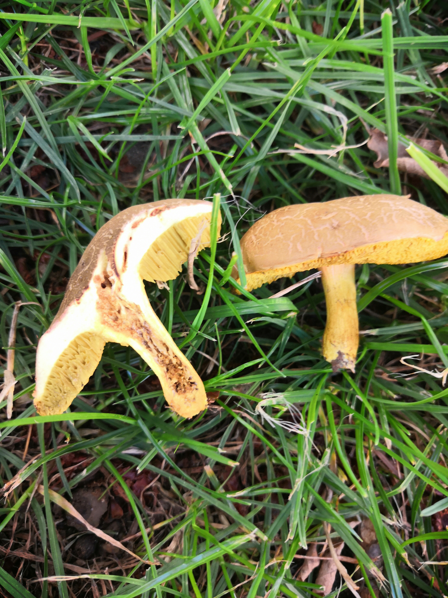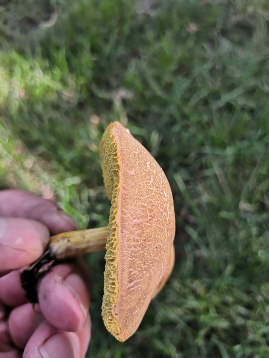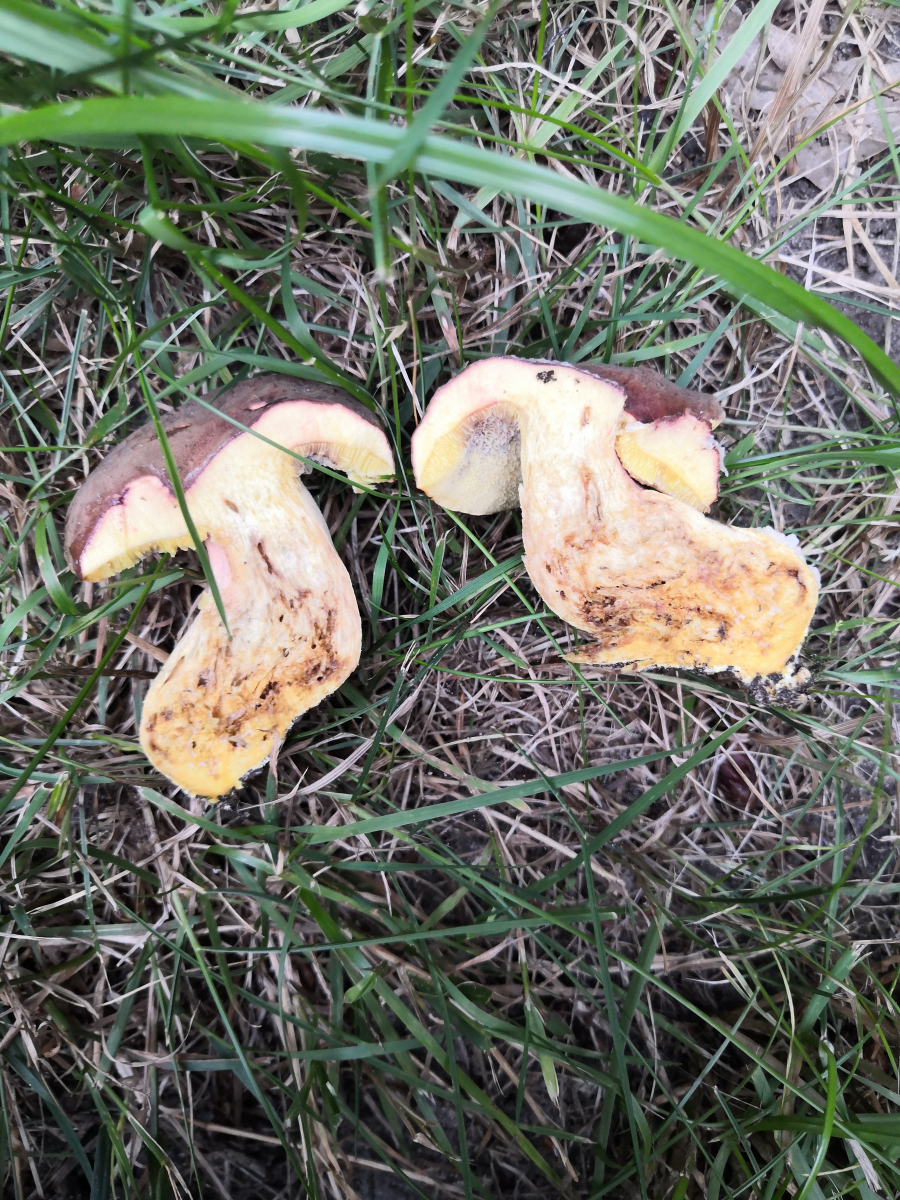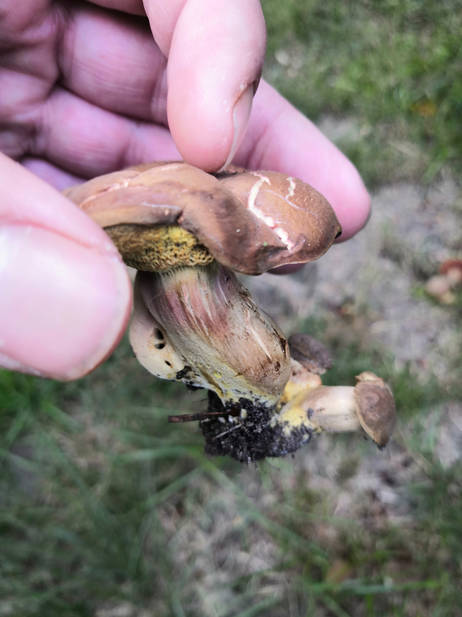 Achso, der Röhrling tritt in kleineren Gruppen von 1-4 Pilzen auf. Eventuell eine Ziegenlippe? Oder doch nur ein aus der Art geschlagener Rotfuß?
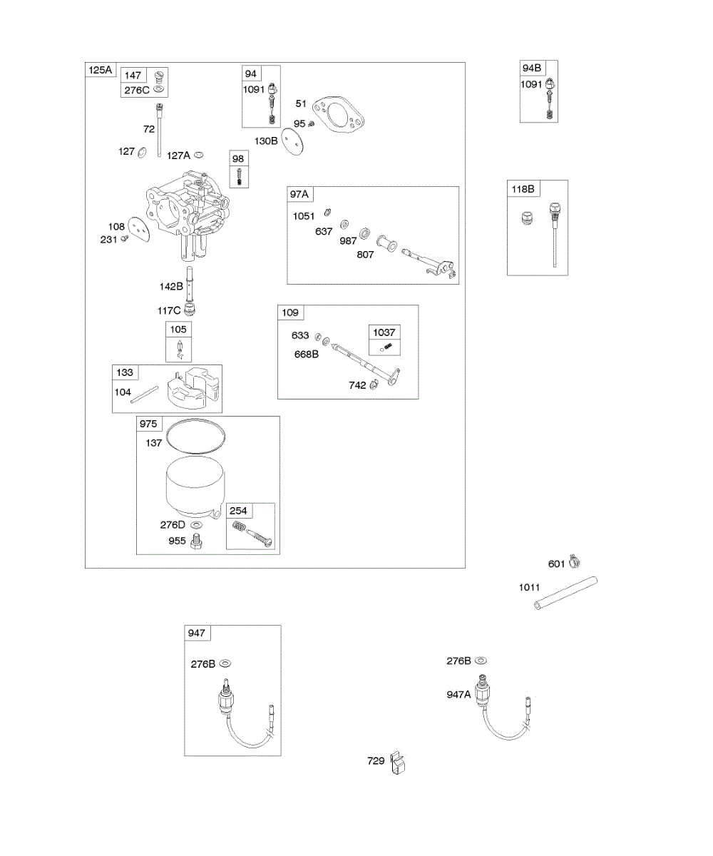 Parts for Briggs & Stratton 350777-1124-A1: Carburetor #1 Parts
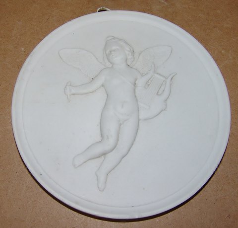Bing and Grondahl Bisque Plate Poesi Genius No 104. Copy of original from 1838 done by Pietro Galli after drawing by Thorvaldsen. Measures 14,5cm (5.70 inches). Has a chip 6 o'clock

------------------------------

▶ REQUIRED WORK:
Leave out the pictures and repeat exactly the lines from the first line of the data through the line containing "Parts for Briggs". Add nothing else.

▶ RESULT FOR THIS EXERCISE:
 Achso, der Röhrling tritt in kleineren Gruppen von 1-4 Pilzen auf. Eventuell eine Ziegenlippe? Oder doch nur ein aus der Art geschlagener Rotfuß?
 Parts for Briggs & Stratton 350777-1124-A1: Carburetor #1 Parts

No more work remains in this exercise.